Data for processing Block Start
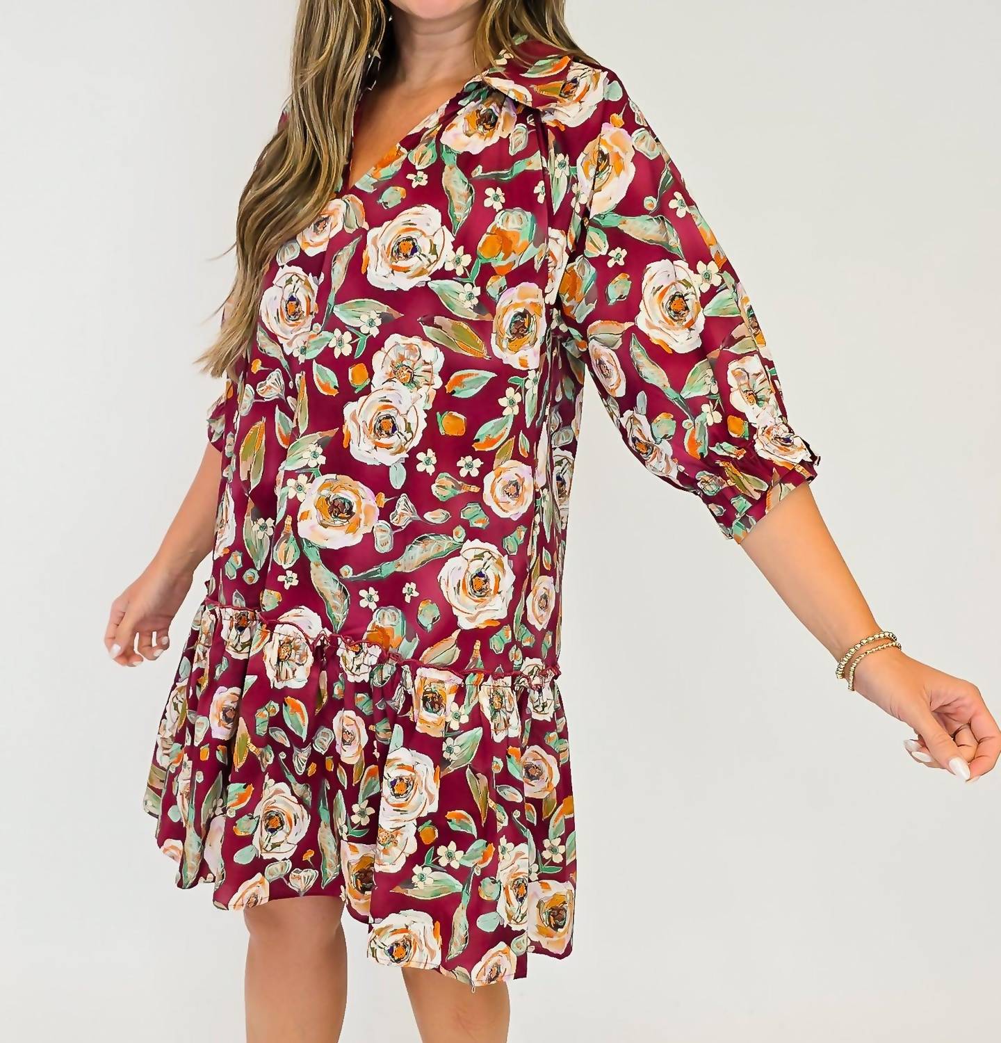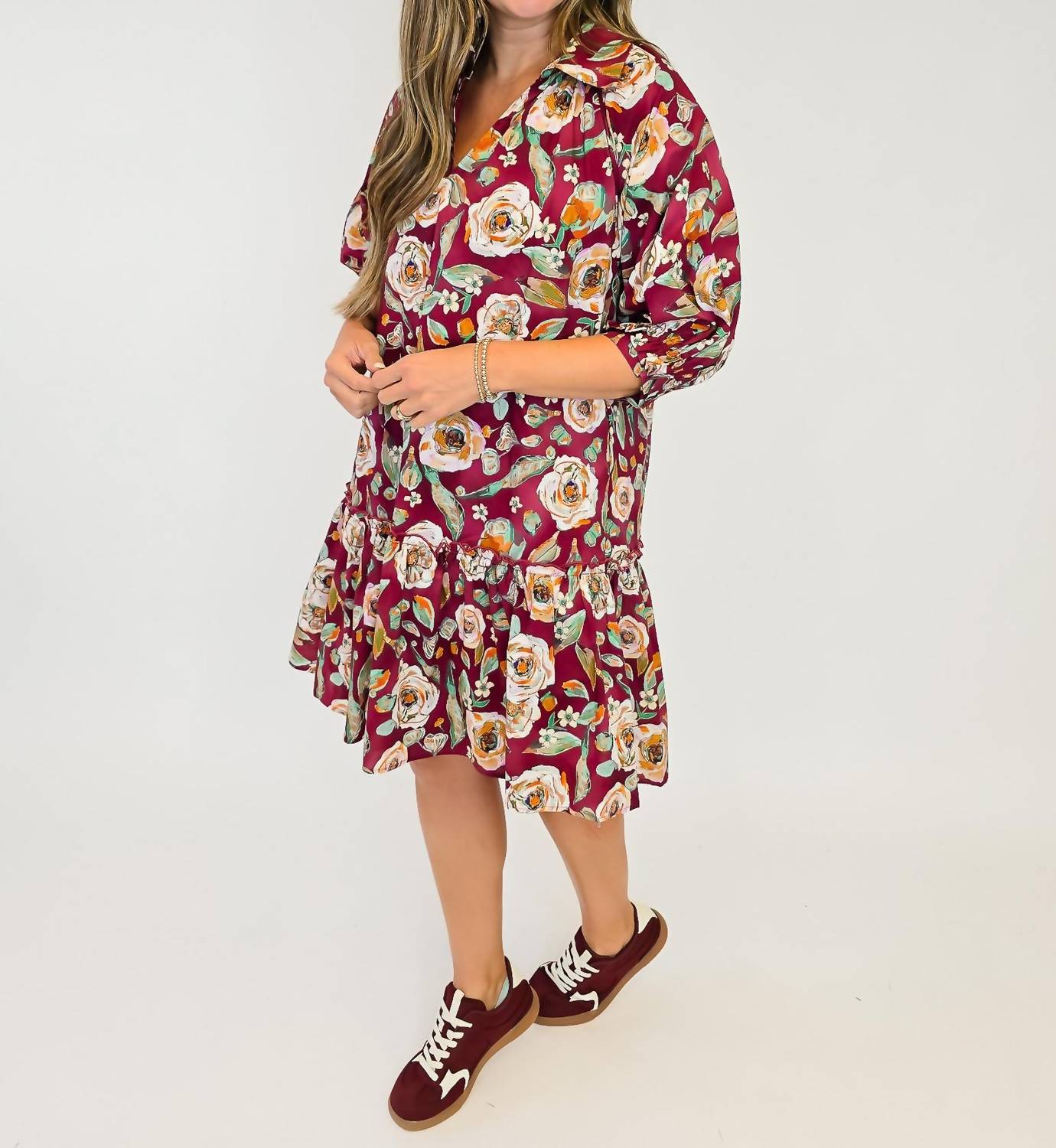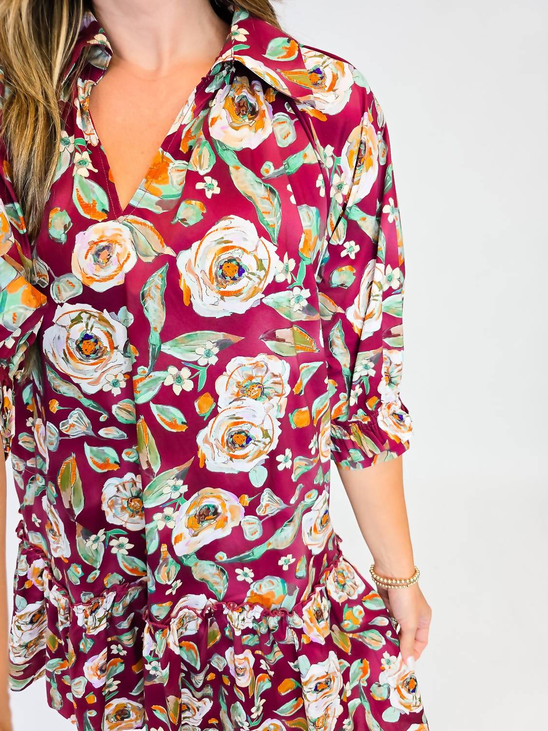 A short and breezy dress for those warmer days. Introducing the Floral Drop Waist Shirt Dress by Umgee, a charming piece in Burgundy that exudes vintage allure with its camellia print. Featuring three-quarter sleeves with gathered cuffs and a collared V-neckline, this dress offers a relaxed, flowy fit perfect for a boho chic summer look. Composition: 100% Cotton. Closure: Button closure. Back length of 35". Care: Machine wash cold, do not bleach, hang to dry. Available in sizes Small, Medium, and Large.
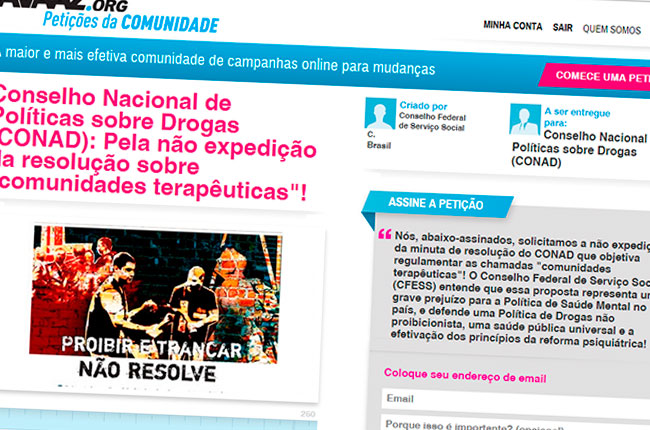 Encontra-se em discussão, no âmbito do Conselho Nacional de Políticas sobre Drogas (Conad), a regulamentação das entidades denominadas “comunidades terapêuticas”. O processo, que está em consulta pública até 28 de fevereiro, visa a regulamentar a existência de entidades de internação de longa permanência, com financiamento do Fundo Nacional de Drogas. O CFESS já se manifestou contrário à expedição dessa resolução e lança hoje um abaixo-assinado contra a aprovação do documento pelo Conad, por entender que essa proposta representa um grave prejuízo para a Política de Saúde Mental no país. (clique aqui para assinar)
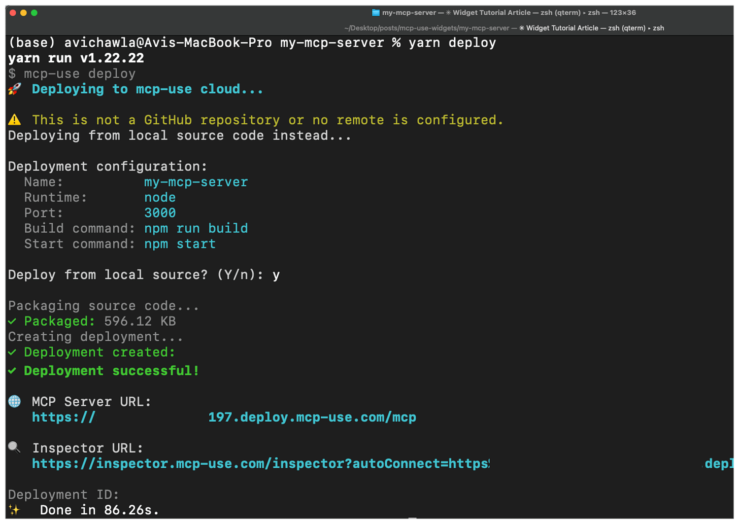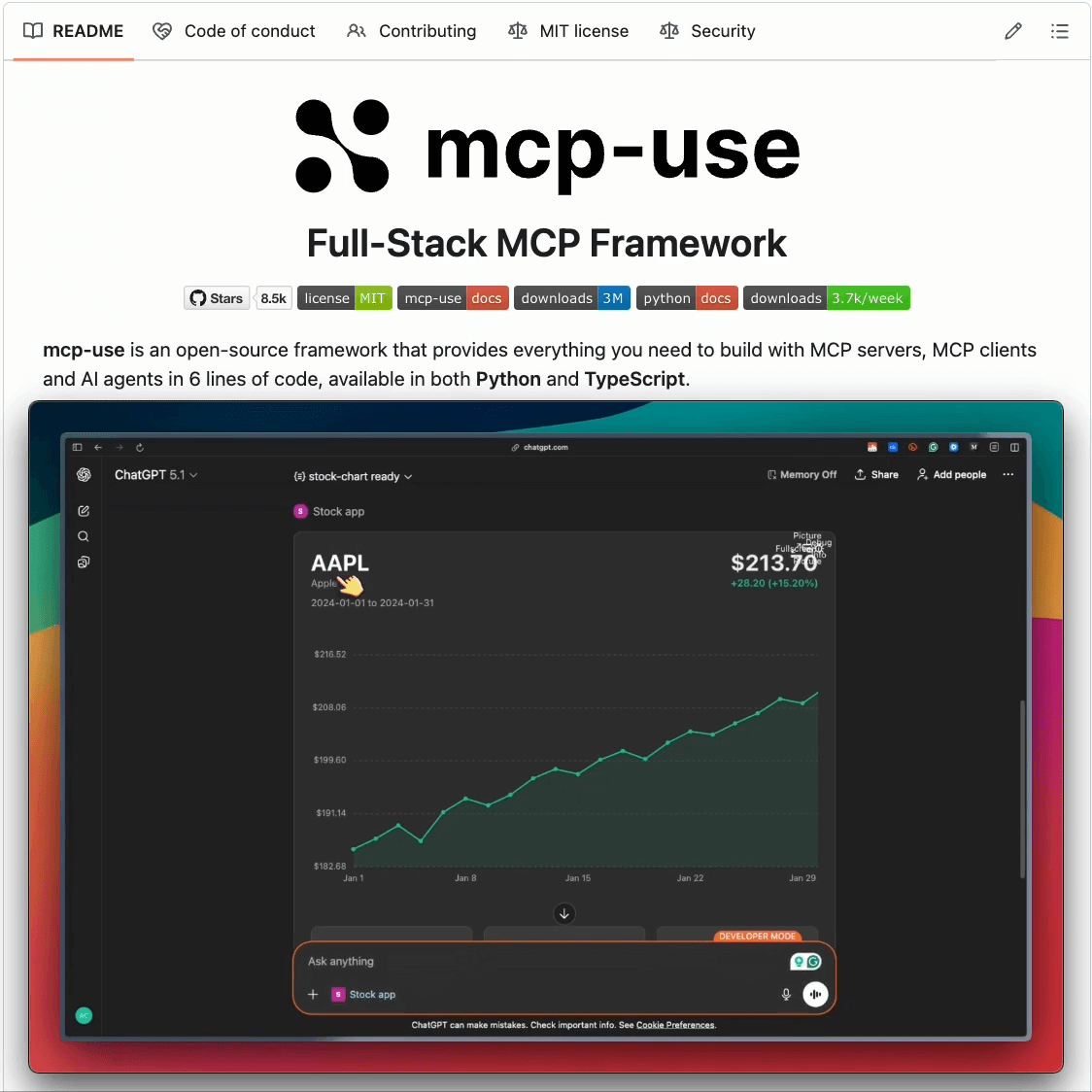 Also, the UI Widgets you create with mcp-use are in the MCP Apps standard, which is inspired by MCP-UI and OpenAI’s Apps SDK to allow MCP Servers to display interactive UI elements in conversational MCP clients or chatbots.
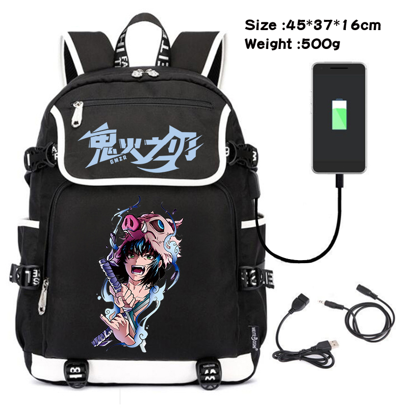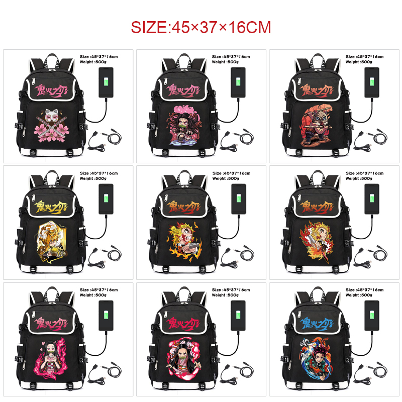鬼灭之刃动漫周边大容量学生书包印花白边翻盖双肩USB充电旅行包 鬼灭之刃-10
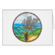 Un paysage et un wapiti dans un cadre de bordure circulaire. Ce puissant wapiti a cultivé des arbres comme bois. Il est debout en regardant au-dessus de sa forêt de collines et de plans d'eau. Copyright © 2017 Kimberly J Tilley.
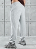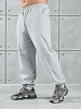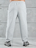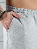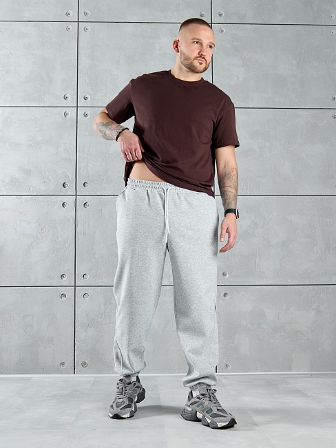 Брюки мужские из трикотажного полотна "лининг" свободного покроя, со смещенными к центрам передних половин боковыми швами, карманами в боковых швах и притачным поясом с эластичной тесьмой внутри. Нижние срезы обработаны подгибкой с эластичной тесьмой. Для регулирования степени прилегания изделия по талии предусмотрен шнурок, вставленный через две обметанные петли в центре пояса спереди.
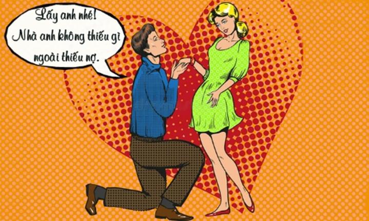 - Em lấy anh đi! Nhà anh không thiếu bất cứ thứ gì, chỉ thiếu nợ thôi.
Data for processing Block End
* _Your goal_: Return the entries unchanged, save for the pictures, which do not belong in the copy.

* _Response to the exercise_:
 A short and breezy dress for those warmer days. Introducing the Floral Drop Waist Shirt Dress by Umgee, a charming piece in Burgundy that exudes vintage allure with its camellia print. Featuring three-quarter sleeves with gathered cuffs and a collared V-neckline, this dress offers a relaxed, flowy fit perfect for a boho chic summer look. Composition: 100% Cotton. Closure: Button closure. Back length of 35". Care: Machine wash cold, do not bleach, hang to dry. Available in sizes Small, Medium, and Large.
 Encontra-se em discussão, no âmbito do Conselho Nacional de Políticas sobre Drogas (Conad), a regulamentação das entidades denominadas “comunidades terapêuticas”. O processo, que está em consulta pública até 28 de fevereiro, visa a regulamentar a existência de entidades de internação de longa permanência, com financiamento do Fundo Nacional de Drogas. O CFESS já se manifestou contrário à expedição dessa resolução e lança hoje um abaixo-assinado contra a aprovação do documento pelo Conad, por entender que essa proposta representa um grave prejuízo para a Política de Saúde Mental no país. (clique aqui para assinar)
 Also, the UI Widgets you create with mcp-use are in the MCP Apps standard, which is inspired by MCP-UI and OpenAI’s Apps SDK to allow MCP Servers to display interactive UI elements in conversational MCP clients or chatbots.
鬼灭之刃动漫周边大容量学生书包印花白边翻盖双肩USB充电旅行包 鬼灭之刃-10
 Un paysage et un wapiti dans un cadre de bordure circulaire. Ce puissant wapiti a cultivé des arbres comme bois. Il est debout en regardant au-dessus de sa forêt de collines et de plans d'eau. Copyright © 2017 Kimberly J Tilley.
 Брюки мужские из трикотажного полотна "лининг" свободного покроя, со смещенными к центрам передних половин боковыми швами, карманами в боковых швах и притачным поясом с эластичной тесьмой внутри. Нижние срезы обработаны подгибкой с эластичной тесьмой. Для регулирования степени прилегания изделия по талии предусмотрен шнурок, вставленный через две обметанные петли в центре пояса спереди.
 - Em lấy anh đi! Nhà anh không thiếu bất cứ thứ gì, chỉ thiếu nợ thôi.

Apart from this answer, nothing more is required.